The Cambodian government recently suspended a local NGO, the Sahmakum Teang Tnaut, which has been working with communities affected by major projects in Phnom Penh, including the Asian Development Bank/USAid-funded railway rehabilitation project, and the Boeung Kak lake development.

The suspension, say human rights groups, shows how the Cambodian government may use the draft associations and NGO law if it is passed.

In other recent moves against critics, the government earlier this month closed down two newspapers reproachful of the Cambodian ruling party – the Water & Fire News, and the World News. Their publishing licences were revoked because of "a perceived insult to the ministry of information".

Five men have also been convicted of "provocation" for distributing pamphlets critical of the state. They revealed the Cambodian government's ties to the Vietnamese government and accused Hun Sen of selling land to foreign countries, calling him a "traitor" and a "puppet of Vietnam".

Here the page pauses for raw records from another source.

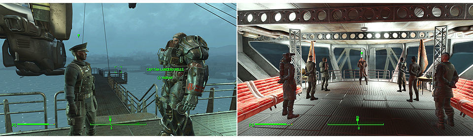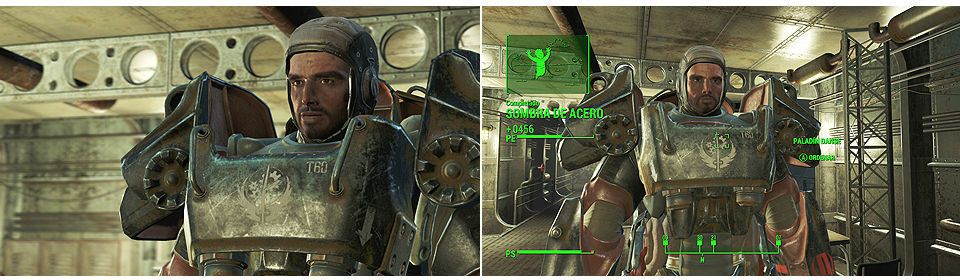 Subimos a la cubierta principal del Prydwen, aquí tenemos 4 niveles: en el nivel 2 empezando desde abajo encontraremos las estaciones de Servoarmaduras, donde nos espera una T-60 de la Hermandad para nosotros, también podemos ir a abrir un contenedor personal (lo encontraremos en Misiones/Varios). Hablamos con Danse para finalizar la misión y comenzar "Ruta de Servicio", también desbloqueamos a Danse como compañero.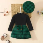- Design: Includes a knit long-sleeve top, a plaid skirt, and a hat, perfect for Christmas and festive occasions.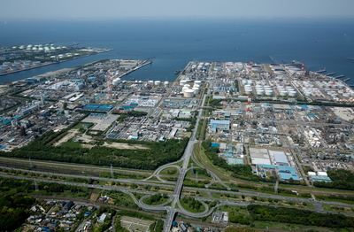 石油化学コンビナート(千鳥町,豊浦町)より東京湾と横浜港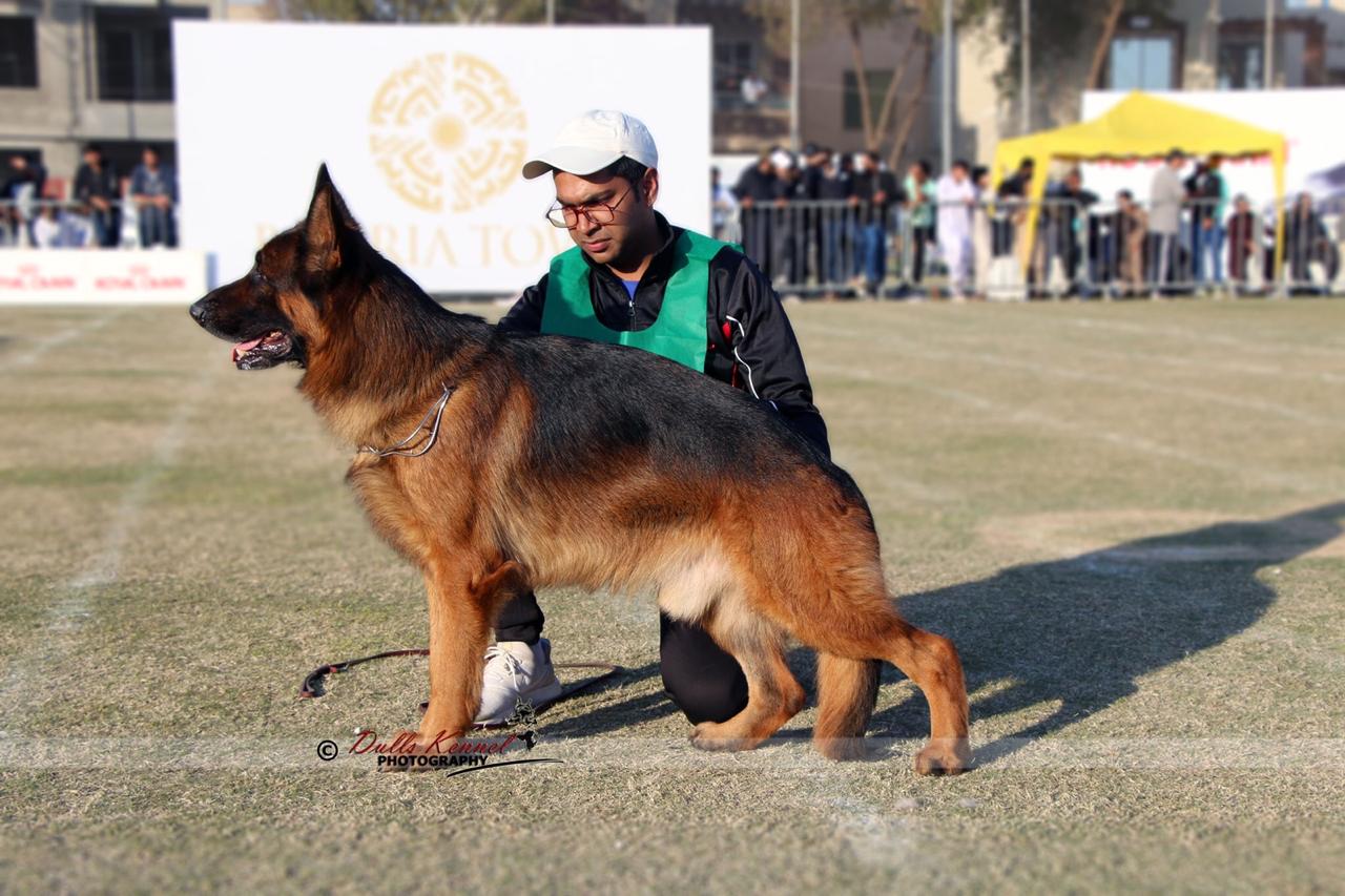 Very well pigmented, impressive male of very good type and proportions. Good angulations fore and very good rear angulations. Croup can be a little longer and less steep. Moves very well, holding a good outline at all speeds.  |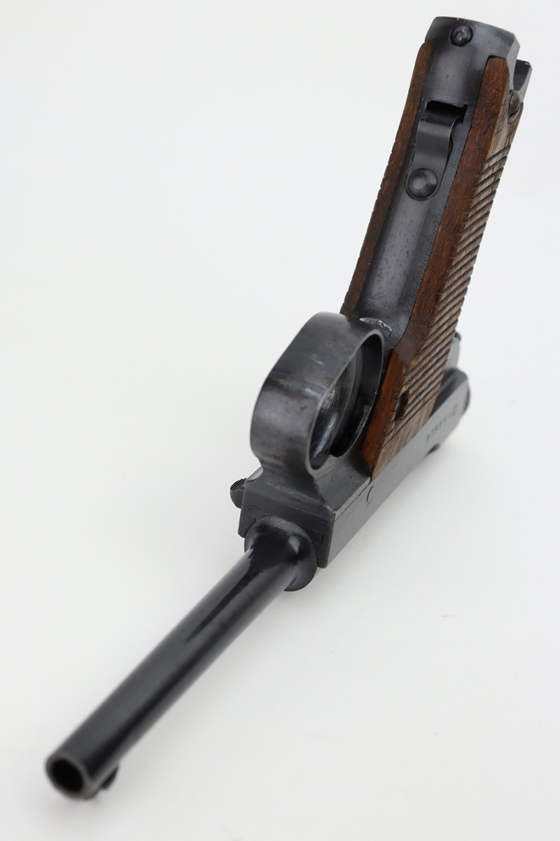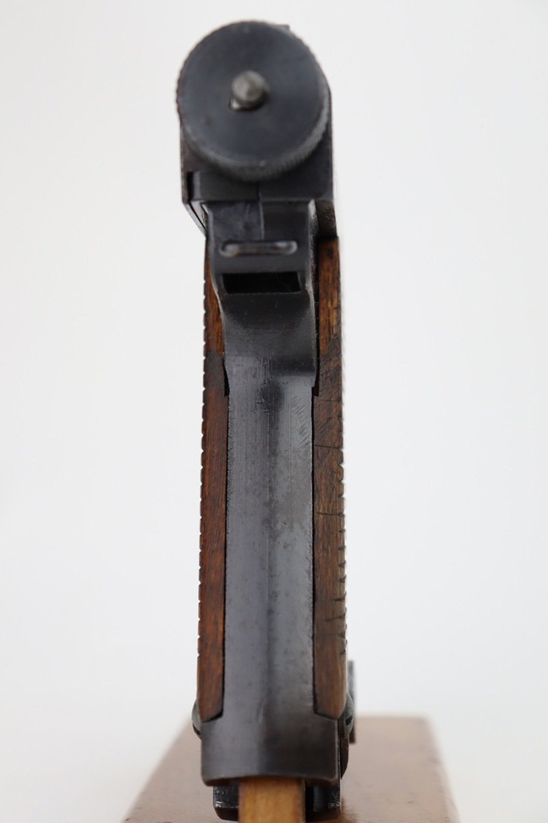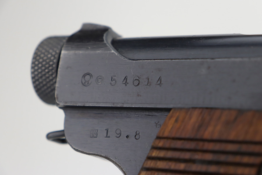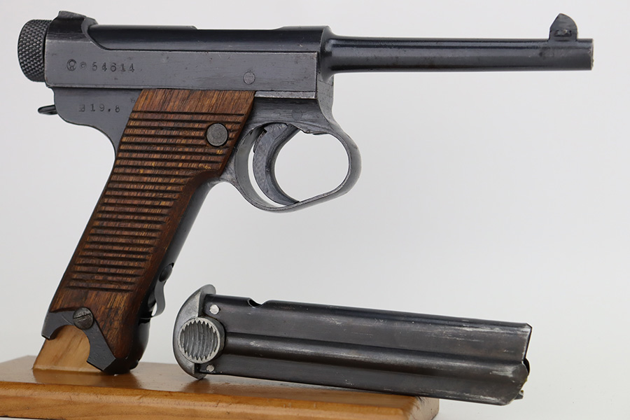 12/20/2023 – This is a mint example of a Type 14 Nambu issued to the Imperial Japanese Army in August of 1944. All matching throughout with matching grips and one original matching magazine. The handgun retained nearly all its original bluing with a hint of high edge wear and mint bore.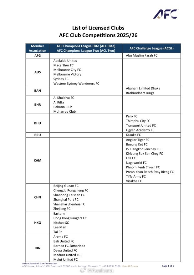 亞足聯(lián)公布了2025-26賽季亞足聯(lián)俱樂部賽事準(zhǔn)入結(jié)果。申請準(zhǔn)入牌照的6支中超球隊(duì)北京國安、成都蓉城、山東泰山、上海海港、上海申花、浙江全數(shù)通過。同時(shí),其他已達(dá)到亞冠精英聯(lián)賽競技成績要求的各國俱樂部也都順利通過了準(zhǔn)入,這意味著下半年開始的新賽季亞冠精英聯(lián)賽東亞12強(qiáng)已經(jīng)基本確定: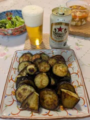 赤星✕茄子焼き 赤星で乾杯🍻 昨日は野菜室の在庫整理をば茄子は夫リクエストの素焼きに、小松菜は鷹の爪を入れてピリ辛炒めにして。そして、麻婆豆腐残りと前日に作ったビーフシチューをいただきました美味しかったです ご馳走さまでした🙏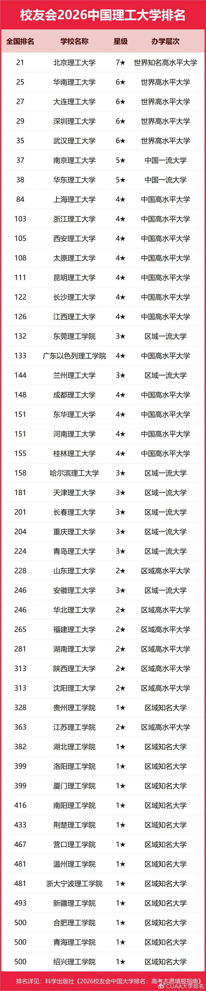 榜单显示,北京理工大学问鼎校友会2026中国理工大学排名首位,齐鲁理工学院位列2026中国民办理工大学排名第一,广西理工职业技术学院问鼎2026中国理工高职院校排名冠军。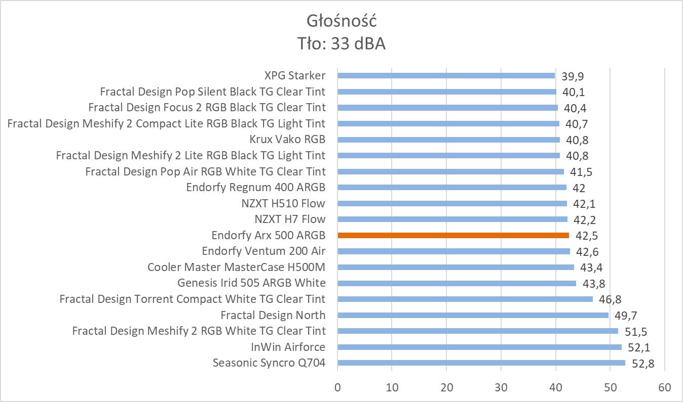 Pod względem głośności nie jest źle. 42,5 dBA nie powinno Wam przeszkadzać, choć są na rynku cichsze obudowy. Cztery 140 mm wentylatory rozkręcone na 100% muszą jednak generować trochę hałasu. Biorąc również pod uwagę naprawdę dobrą wydajność to nie mam do czego się przyczepić.

One of Asia's poorest countries, Cambodia receives between $50m and $70m a year from the World Bank. It is looking increasingly to China for aid and development. China is Cambodia's biggest source of foreign direct investment, with stated plans to spend $8bn on 360 different projects during the first seven months of 2011.

3 comments:

Anonymous said...

They can go home if they dont want to obey the law. noone forces them to stay. let them give up their big NGO salary. This is where all the money spent. dont be fooled by these NGO; they got major salary. They get pay better than government employees.

Anonymous said...

NGO should look at this as positive thing rather than rejecting it. How do you separate your organization from the fake NGO? I welcome the law because it will help separate my organization from the bad one.

Anonymous said...

As Executive Director of a Non-profit organization; I strongly welcome the law because it helps separate my organization from those illegitimate organization that pray on poor Cambodian. The rejection of the law is not from all NGO organization. I welcome it because it will set standard and measure the growth of the organization reputation.